[Stored data entries]
※ ※ ※

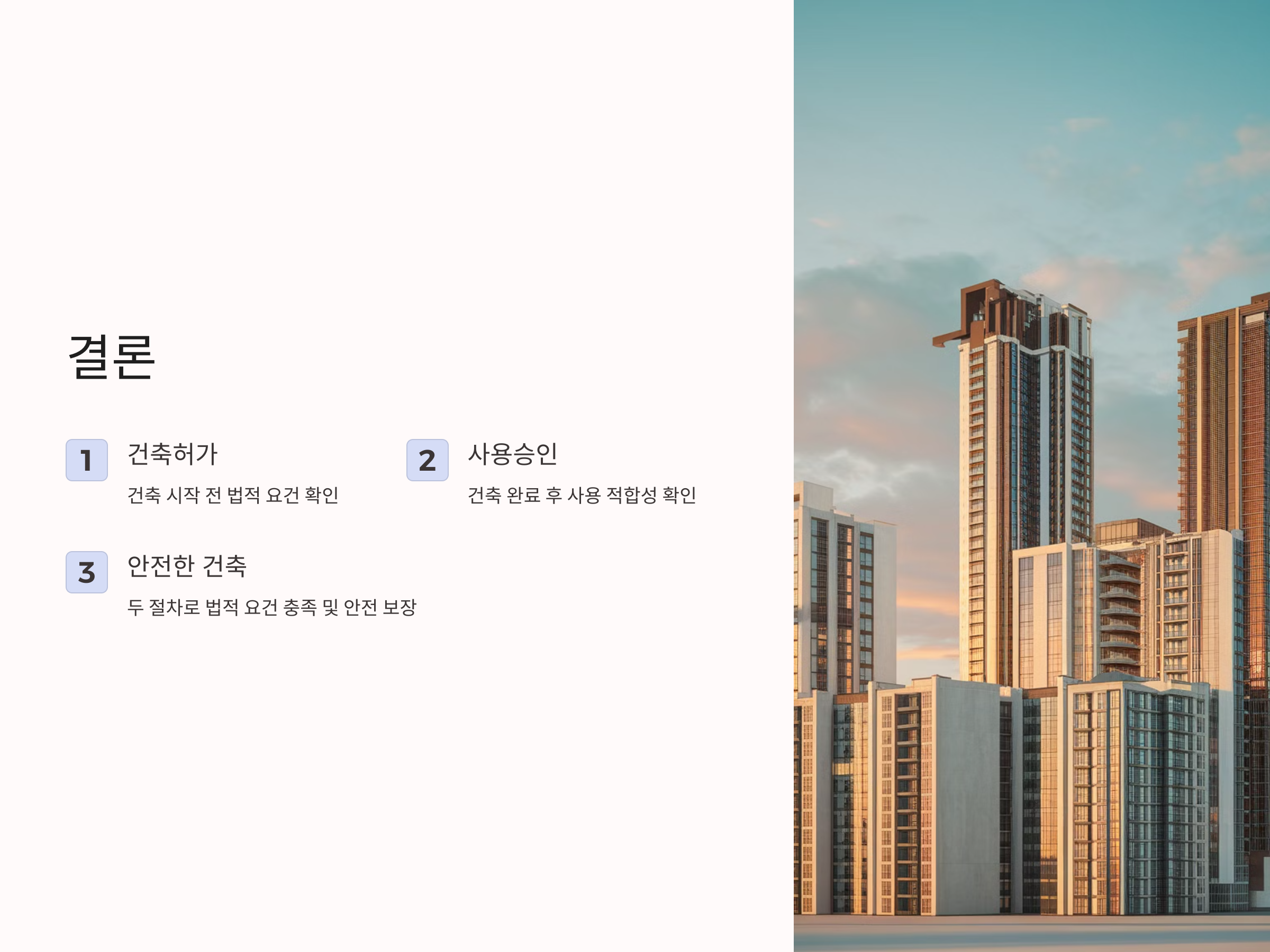 - 사용승인: 건축물이 완공된 후 실제 사용이 가능한지 여부를 확인.
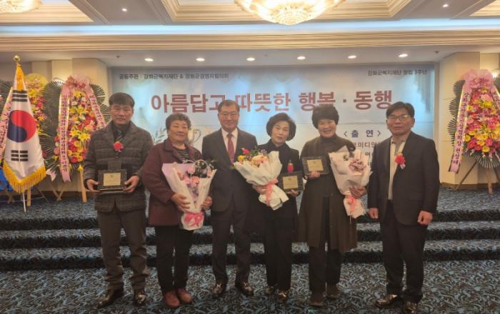 강화군복지재단(이사장 한석현)이 지난 27일, 명진웨딩홀에서 창립 3주년을 맞아 ‘아름답고 따뜻한 행복·동행!’ 행사를 개최했다.이번 행사는 강화군 경영자협의회와 공동으로 주최했으며, 지역 내 어려운 이웃 300여 명을 초청해 함께하는 자리로 마련됐다.행사에는 박용철
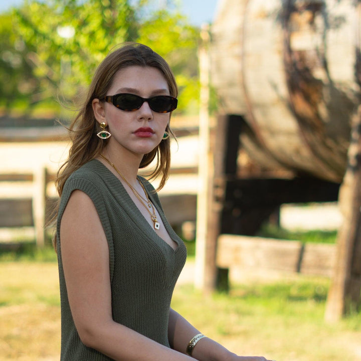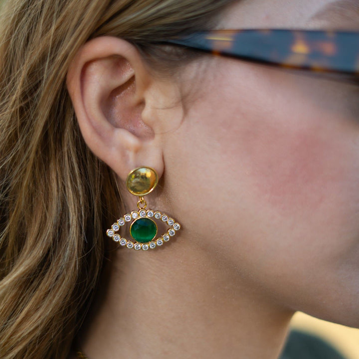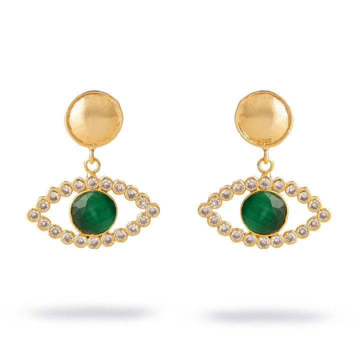 Emerald Harmony Eye Earrings - Gold
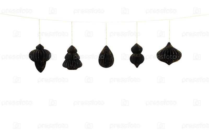 Черно-золотые бумажные рождественские игрушки изолированы на белом фоне. Новогодние украшения из бумаги. Экологичный новогодний декор. Копирование пространства
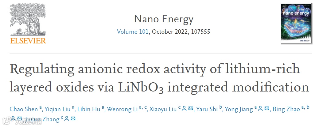 基于此,上海大学刘小瑜副教授、赵兵教授、蒋永教授与张久俊教授(加拿大皇家科学院院士)课题组,在国际知名期刊Nano Energy上发表题为“Regulating anionic redox activity of lithium-rich layered oxides via LiNbO3 integrated modification”的研究工作。

※ ※ ※

Repeat only the lines from the one holding "Черно-золотые бумажные рождественские" through the last line of the data, inclusive. Keep the pictures out.

RESULT
 Черно-золотые бумажные рождественские игрушки изолированы на белом фоне. Новогодние украшения из бумаги. Экологичный новогодний декор. Копирование пространства
 基于此,上海大学刘小瑜副教授、赵兵教授、蒋永教授与张久俊教授(加拿大皇家科学院院士)课题组,在国际知名期刊Nano Energy上发表题为“Regulating anionic redox activity of lithium-rich layered oxides via LiNbO3 integrated modification”的研究工作。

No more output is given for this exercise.